### MATERIAL PROVIDED
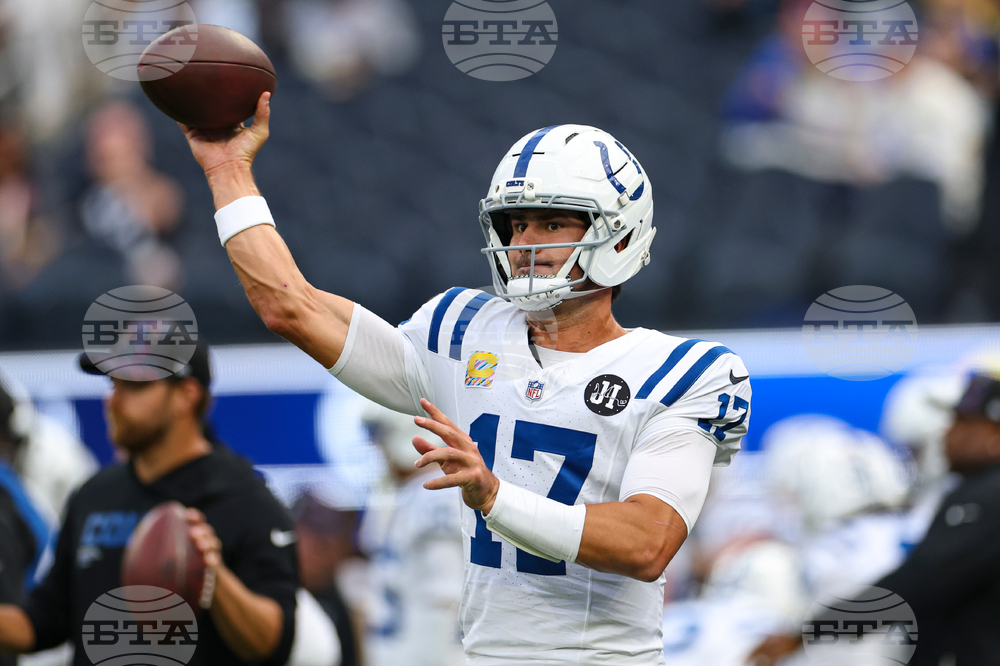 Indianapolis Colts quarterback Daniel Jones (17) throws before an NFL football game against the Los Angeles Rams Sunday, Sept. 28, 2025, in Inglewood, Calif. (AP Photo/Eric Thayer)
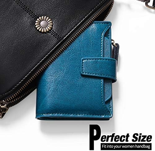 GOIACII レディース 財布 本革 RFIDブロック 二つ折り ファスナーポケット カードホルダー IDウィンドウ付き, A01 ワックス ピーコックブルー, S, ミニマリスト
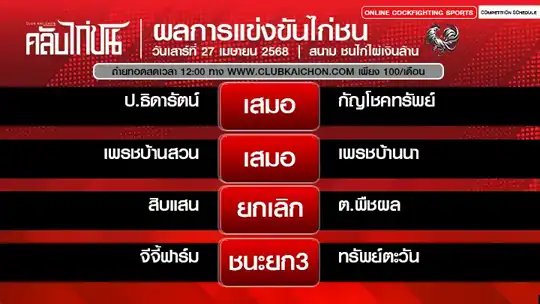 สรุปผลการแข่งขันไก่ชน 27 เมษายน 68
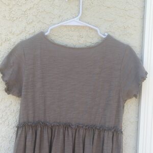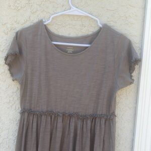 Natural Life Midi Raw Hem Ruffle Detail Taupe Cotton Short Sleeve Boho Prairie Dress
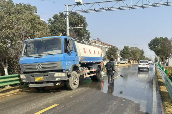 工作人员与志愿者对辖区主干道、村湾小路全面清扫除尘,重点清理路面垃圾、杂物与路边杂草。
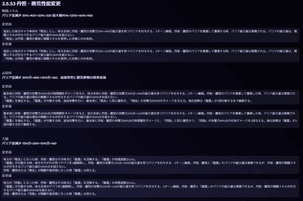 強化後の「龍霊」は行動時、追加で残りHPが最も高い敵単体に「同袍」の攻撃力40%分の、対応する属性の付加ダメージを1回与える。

---

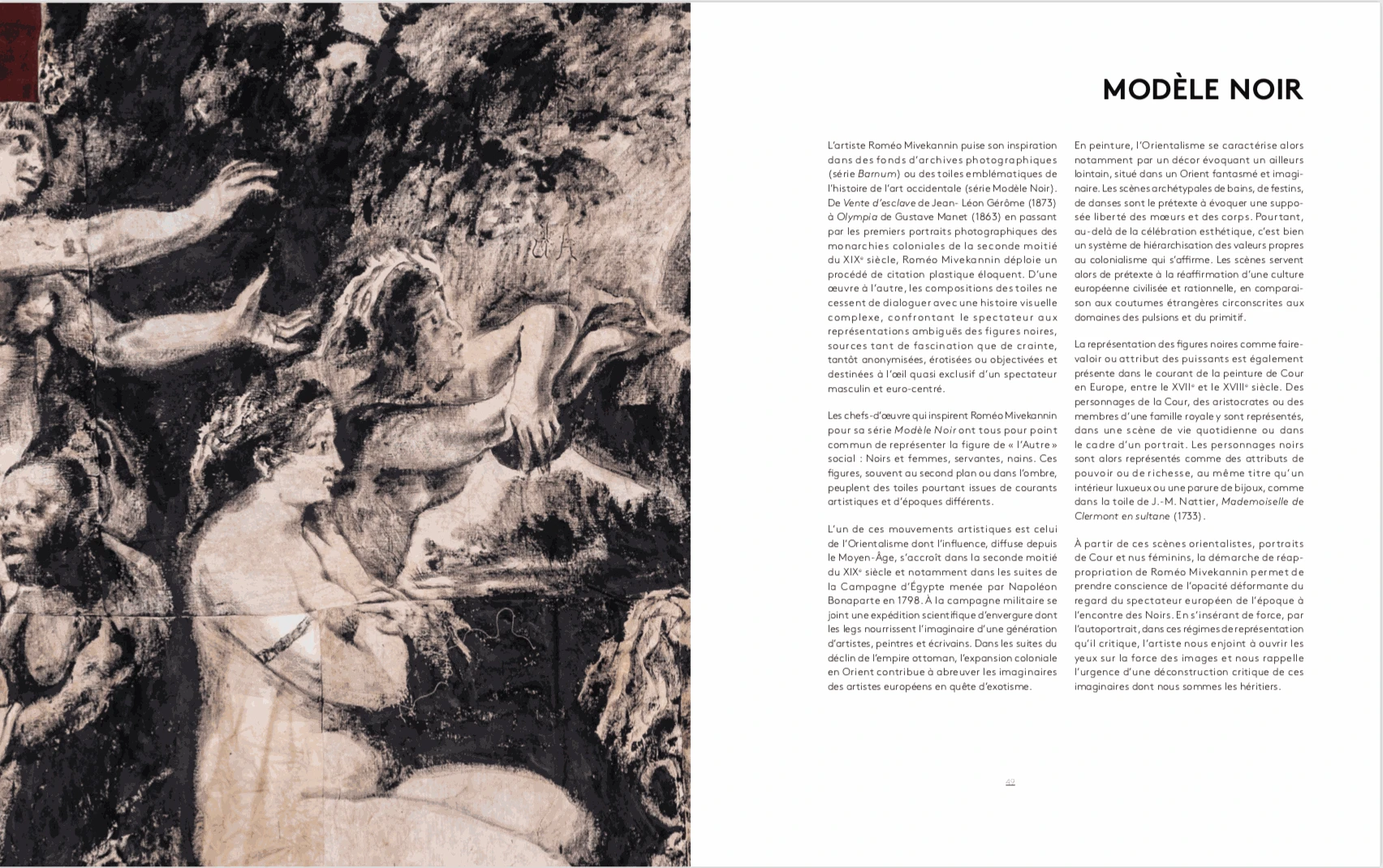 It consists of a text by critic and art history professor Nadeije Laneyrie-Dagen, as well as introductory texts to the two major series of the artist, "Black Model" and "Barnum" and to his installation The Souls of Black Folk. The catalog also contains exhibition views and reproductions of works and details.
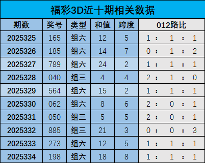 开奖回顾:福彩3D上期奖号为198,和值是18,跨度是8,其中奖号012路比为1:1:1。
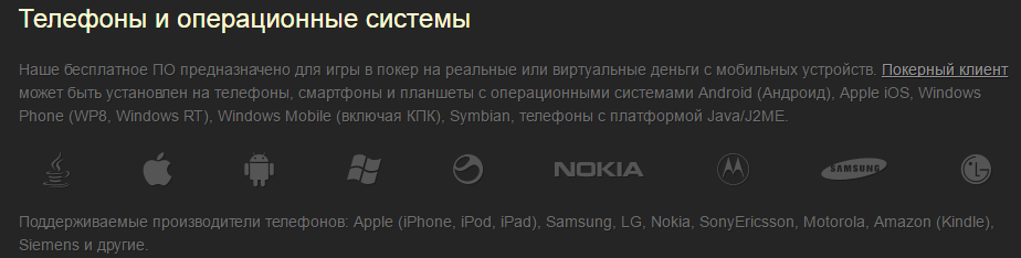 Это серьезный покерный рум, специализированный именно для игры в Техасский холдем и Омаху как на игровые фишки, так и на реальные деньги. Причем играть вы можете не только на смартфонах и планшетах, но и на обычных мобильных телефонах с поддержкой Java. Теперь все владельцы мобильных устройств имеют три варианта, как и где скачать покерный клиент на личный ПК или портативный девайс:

---

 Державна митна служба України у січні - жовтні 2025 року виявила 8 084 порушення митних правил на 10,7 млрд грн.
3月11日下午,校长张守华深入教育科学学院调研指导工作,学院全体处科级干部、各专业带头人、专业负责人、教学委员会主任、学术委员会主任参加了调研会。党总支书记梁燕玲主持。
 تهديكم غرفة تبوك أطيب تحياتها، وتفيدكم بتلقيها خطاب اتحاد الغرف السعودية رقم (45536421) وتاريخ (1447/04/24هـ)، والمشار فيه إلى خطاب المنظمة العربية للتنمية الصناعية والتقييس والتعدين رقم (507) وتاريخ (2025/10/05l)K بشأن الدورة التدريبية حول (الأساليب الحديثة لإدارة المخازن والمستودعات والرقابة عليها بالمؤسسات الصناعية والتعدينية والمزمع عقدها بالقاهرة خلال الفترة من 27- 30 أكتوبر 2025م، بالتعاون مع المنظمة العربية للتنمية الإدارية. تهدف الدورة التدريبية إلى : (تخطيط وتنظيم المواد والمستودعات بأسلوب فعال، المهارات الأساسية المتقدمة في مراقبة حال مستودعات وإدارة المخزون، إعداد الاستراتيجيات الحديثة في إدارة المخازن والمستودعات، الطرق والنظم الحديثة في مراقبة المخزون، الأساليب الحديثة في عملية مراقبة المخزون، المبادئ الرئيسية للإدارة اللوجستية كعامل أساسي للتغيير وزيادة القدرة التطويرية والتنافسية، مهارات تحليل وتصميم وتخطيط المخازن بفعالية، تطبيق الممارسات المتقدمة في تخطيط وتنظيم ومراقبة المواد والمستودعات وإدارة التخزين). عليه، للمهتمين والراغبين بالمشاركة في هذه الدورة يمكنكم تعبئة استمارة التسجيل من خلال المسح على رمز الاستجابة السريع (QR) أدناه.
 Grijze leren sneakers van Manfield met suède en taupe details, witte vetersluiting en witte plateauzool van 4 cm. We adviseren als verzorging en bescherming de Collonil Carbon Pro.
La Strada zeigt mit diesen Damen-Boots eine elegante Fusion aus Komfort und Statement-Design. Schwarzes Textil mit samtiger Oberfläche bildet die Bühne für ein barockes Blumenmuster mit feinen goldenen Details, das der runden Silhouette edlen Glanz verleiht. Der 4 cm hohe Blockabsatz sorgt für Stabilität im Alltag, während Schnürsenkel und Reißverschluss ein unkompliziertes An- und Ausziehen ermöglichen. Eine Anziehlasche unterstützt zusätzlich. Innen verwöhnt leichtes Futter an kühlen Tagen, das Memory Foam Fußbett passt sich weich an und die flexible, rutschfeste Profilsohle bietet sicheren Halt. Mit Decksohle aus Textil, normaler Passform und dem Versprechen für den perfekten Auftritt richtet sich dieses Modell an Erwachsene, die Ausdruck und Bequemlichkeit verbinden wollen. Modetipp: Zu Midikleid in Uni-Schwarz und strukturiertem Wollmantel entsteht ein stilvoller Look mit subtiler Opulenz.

### TASK TO COMPLETE
Exactly as written above, retype the lines starting at the one holding "GOIACII レディース 財布" and ending at the one holding "強化後の「龍霊」は行動時、追", both included, but not the pictures.

### SOLUTION BELOW
 GOIACII レディース 財布 本革 RFIDブロック 二つ折り ファスナーポケット カードホルダー IDウィンドウ付き, A01 ワックス ピーコックブルー, S, ミニマリスト
 สรุปผลการแข่งขันไก่ชน 27 เมษายน 68
 Natural Life Midi Raw Hem Ruffle Detail Taupe Cotton Short Sleeve Boho Prairie Dress
 工作人员与志愿者对辖区主干道、村湾小路全面清扫除尘,重点清理路面垃圾、杂物与路边杂草。
 強化後の「龍霊」は行動時、追加で残りHPが最も高い敵単体に「同袍」の攻撃力40%分の、対応する属性の付加ダメージを1回与える。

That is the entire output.